Start of Block
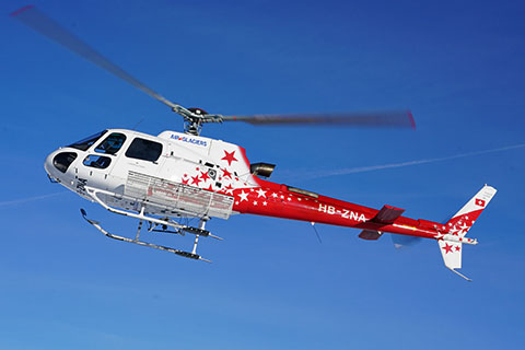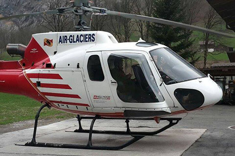 | HB-ZNA of Air-Glaciers SA with a Bernese flag at Saustal - Photo by Matthias Hansen © 4-Oct-13 | HB-ZNA with the Maximum Pilot View Kit of swiss rotor solutions - Photo by Bruno Siegfried © 7-Apr-16 |
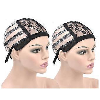 2 Pcs Medium Lace Wig Cap with Adjustable Strap, Breathable Black Net for Making Wigs 2122 Inch
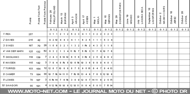 Tout comme Sykes, Lowes se fait déborder par ses poursuivants : VDM et De Angelis passent devant la R1 n°22.paradoxalement, la piste détrempée - toute neuve donc offrant un excellent grip - n'est pas la "Cup of tea" des pilotes britanniques !
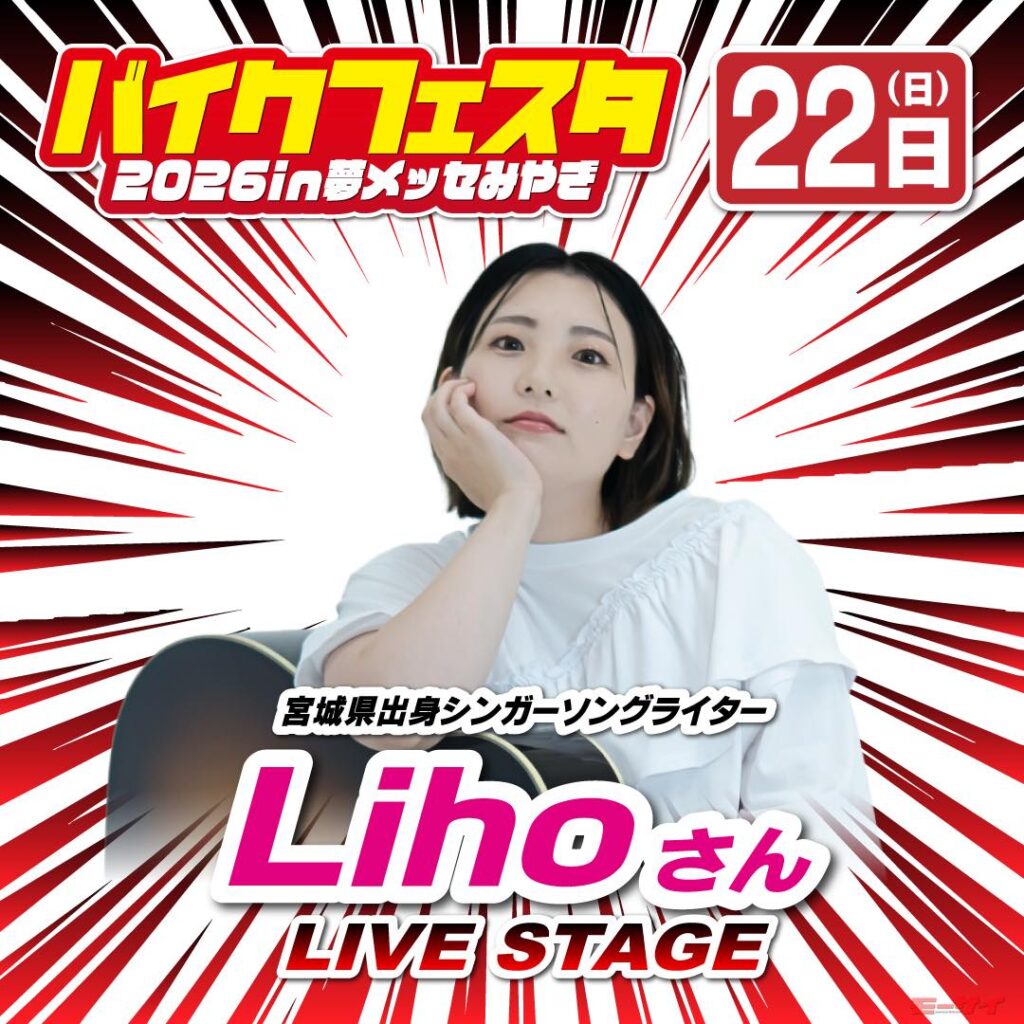 ステージでは、21日はDate fm(FM仙台)・AIR JAM Friday DJの本間秋彦さんと佐藤友紀乃さんのスペシャルトークショー、宮城県出身のシンガーソングライター・Cha’Rさんのライブステージ、ダンススクール「D_LuVz」のダンスステージを実施。22日は宮城県出身のシンガーソングライターのLihoさんのライブステージ、バイク女子YouTuber・院卒ライダーゆうかさんのトークショーを行う(スケジュールはウェブサイト等で確認のこと)。
End of Block
Look through the listing above for the line with "2 Pcs Medium" and the line with "Tout comme Sykes, Lowes". Write out exactly those lines and everything between, leaving out pictures.

Expected answer
 2 Pcs Medium Lace Wig Cap with Adjustable Strap, Breathable Black Net for Making Wigs 2122 Inch
 Tout comme Sykes, Lowes se fait déborder par ses poursuivants : VDM et De Angelis passent devant la R1 n°22.paradoxalement, la piste détrempée - toute neuve donc offrant un excellent grip - n'est pas la "Cup of tea" des pilotes britanniques !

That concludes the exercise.